* [Task] Copy the lines below as they are; omit the images they contain.

START Dataset content

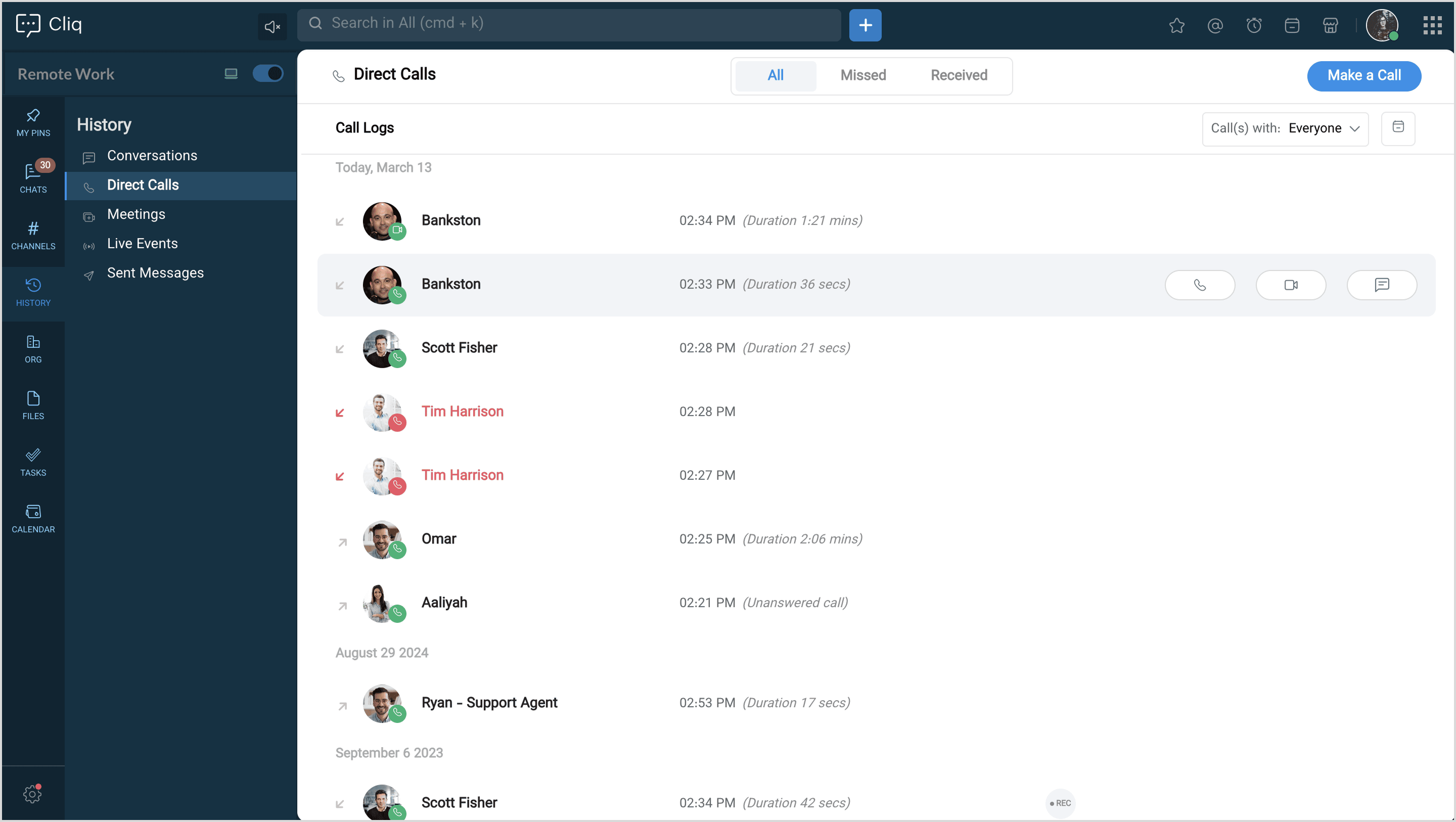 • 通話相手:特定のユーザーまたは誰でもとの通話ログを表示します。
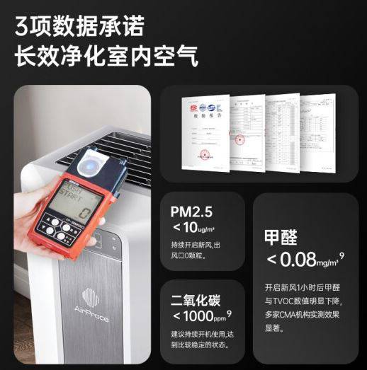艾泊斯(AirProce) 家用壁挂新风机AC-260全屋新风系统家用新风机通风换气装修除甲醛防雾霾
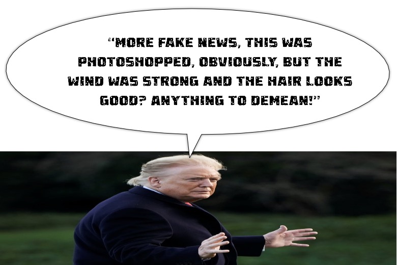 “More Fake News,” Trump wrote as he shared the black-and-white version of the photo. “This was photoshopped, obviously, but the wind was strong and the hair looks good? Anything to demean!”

END Dataset content

* [The answer]
 • 通話相手:特定のユーザーまたは誰でもとの通話ログを表示します。
艾泊斯(AirProce) 家用壁挂新风机AC-260全屋新风系统家用新风机通风换气装修除甲醛防雾霾
 “More Fake News,” Trump wrote as he shared the black-and-white version of the photo. “This was photoshopped, obviously, but the wind was strong and the hair looks good? Anything to demean!”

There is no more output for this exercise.